Based on an analysis of different evaluations, we can say that measures from the Sustainable Safety Start-up programme and further measures that fit into the Sustainable Safety vision have resulted in a reduction in the number of road deaths of more than 30% in ten years (2007 compared to 1998) [26]. This reduction mainly concerned road deaths in crashes involving motorized traffic: after all, the measures were especially targeted at these types of conflicts. The benefits of the Sustainable Safety policy during the same period proved to be 2 to 4 times higher than the costs [26].

What other road safety visions are there?

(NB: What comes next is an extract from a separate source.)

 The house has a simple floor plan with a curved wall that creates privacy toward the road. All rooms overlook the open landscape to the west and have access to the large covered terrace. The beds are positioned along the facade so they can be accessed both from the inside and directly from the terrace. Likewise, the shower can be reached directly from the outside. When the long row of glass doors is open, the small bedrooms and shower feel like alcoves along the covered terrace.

Sustainable Safety is one of the road safety visions that are internationally known as 'safe system approach' and has several times been named one of the examples in this field by, among others, OECD [27] [28]. A 'safe system approach’ – other than the traditionally widely used reactive or ' black-spot approach ' – has the proactive prevention of system failure in traffic as its starting point. Listed below are other 'safe system’ approaches and significant other visions.

Vision Zero

Another well-known example of a ' safe system approach is 'Vision Zero' from Sweden. This vision argues that it is immoral to accept fatalities and serious road injuries. Like Sustainable Safety, Vision Zero also has 'humans as the measure of all things' as leading principle in its safety vision. Safe road design, good legislation and enforcement are the responsibility of the Government  [29]. The citizen has the responsibility to abide by the rules. Unlike Sustainable Safety, education and information are no (explicit) part of the Swedish safety vision [30].

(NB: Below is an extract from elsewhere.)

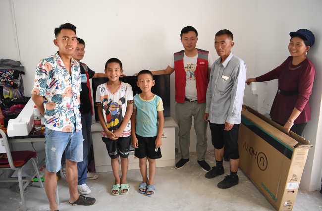 電視送到家中那天早上,且沙次爾在自己家門口踱步等待。在深山里窮苦了一輩子,這臺電視機是全家購買的第一個大件,一家人都異常興奮和期待。且沙次爾的兒子且沙史日正在上初中,看到家里的電視,他說,“可以通過電視了解很多東西,很開心!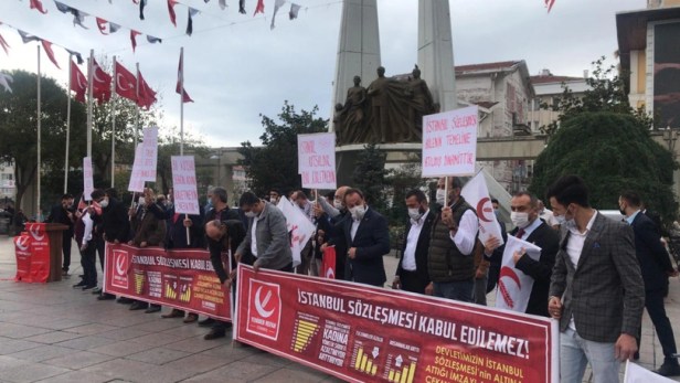 Milliyetçi ve İslamcı Yeniden Refah Partisi’nden bir grup erkek, Ekim 2020’de, İstanbul Sözleşmesi’ne karşı eylem yaptı. https://www.istiklal.com.tr/haber/yeniden-refah-partisinden-istanbul-sozlesmesi-aciklamasi/581168

The European Union (for 2050) and other countries and cities have also embraced 'Vision Zero' as their approach, including the United Kingdom, Luxembourg and several major cities in Europe and North America, see also OECD/ITF, 2016  [28]. Especially the moral starting point to no longer accept casualties is a common element.

Proactive system approach

According to OECD/ITF [28]

 proactive system approach ('safe system approach') is characterized by the idea that risks are inherent to traffic and that these risks require an integrated approach to the various elements of the system that take into account the human vulnerability and fallibility as well as possible. This requires involvement of all relevant actors, such as road authorities, police, justice, and also companies. The road users are required to comply with the rules, but where they fail to do so, the traffic system is corrective (informing, enforcing) and forgiving (no serious consequences or errors). A proactive system approach also sets out to, among other things, to increase the social awareness of road safety. First, because people are only partly aware of the inherent risks in traffic, and second, because they see only a limited number of crashes in their environment, and are not aware of how these add up to a considerable problem.

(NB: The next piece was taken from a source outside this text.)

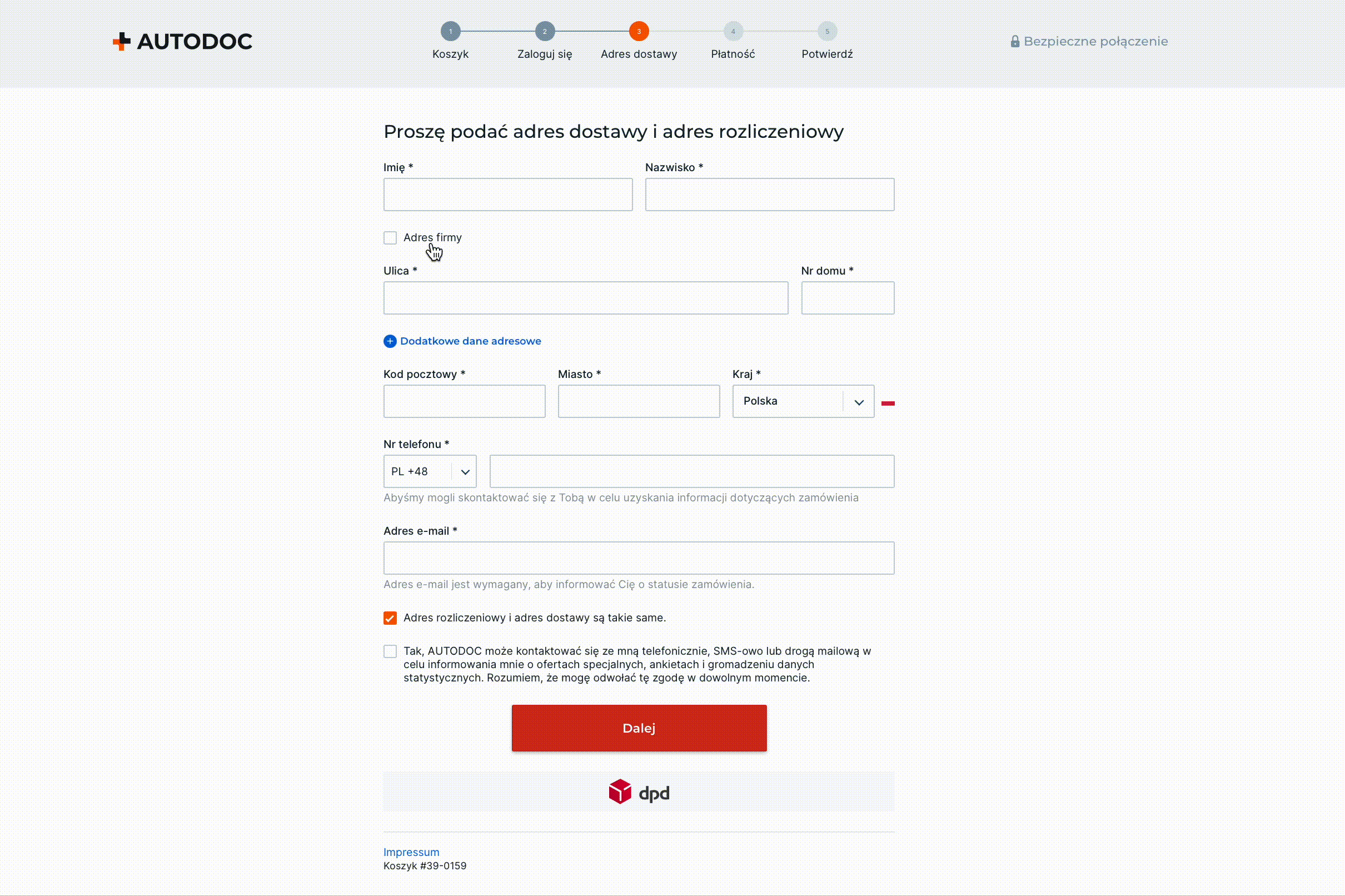 Przed dokonaniem zakupu zawsze dokładnie sprawdź adres. Adres dostawy można zmienić na drugim etapie procesu zamawiania. Pozostałe adresy, w tym adres rozliczeniowy i adres wysyłki, możesz sprawdzić w zakładce Moja książka adresowa na swoim koncie.

In addition to the Netherlands and Sweden, countries such as Australia(externe link) and New Zealand(externe link) also have a proactive system approach for their road safety policy. Only in the Netherlands and in Sweden this approach has a specific name (Sustainable Safety and Vision Zero, respectively).

Proactive policy using performance indicators

Proactive road safety policy in the Netherlands already started with the implementation of Sustainable Safety measures. Proactive policy means that the traffic system is made safer even before crashes have occurred, and that this policy is based on scientific knowledge on crash causes and effective measures. So far, this proactive policy has mainly been conducted by applying measures at those types of locations and aimed at those groups of road users about which is known which road safety problems may occur. As yet, this policy is mostly not guided by risk factors of specific locations or areas: road design characteristics, hazardous behaviours of road users, or other so-called Safety Performance Indicators (SPI’s; [31]). SPIs are indicators of risk factors or conditions of the traffic system that have a strong causal relationship with the occurence or severity of road crashes (see, for example, ETSC, 2001 [32]. Therefore SPIs are 'indicators' of traffic hazards, on which proactive policy can focus.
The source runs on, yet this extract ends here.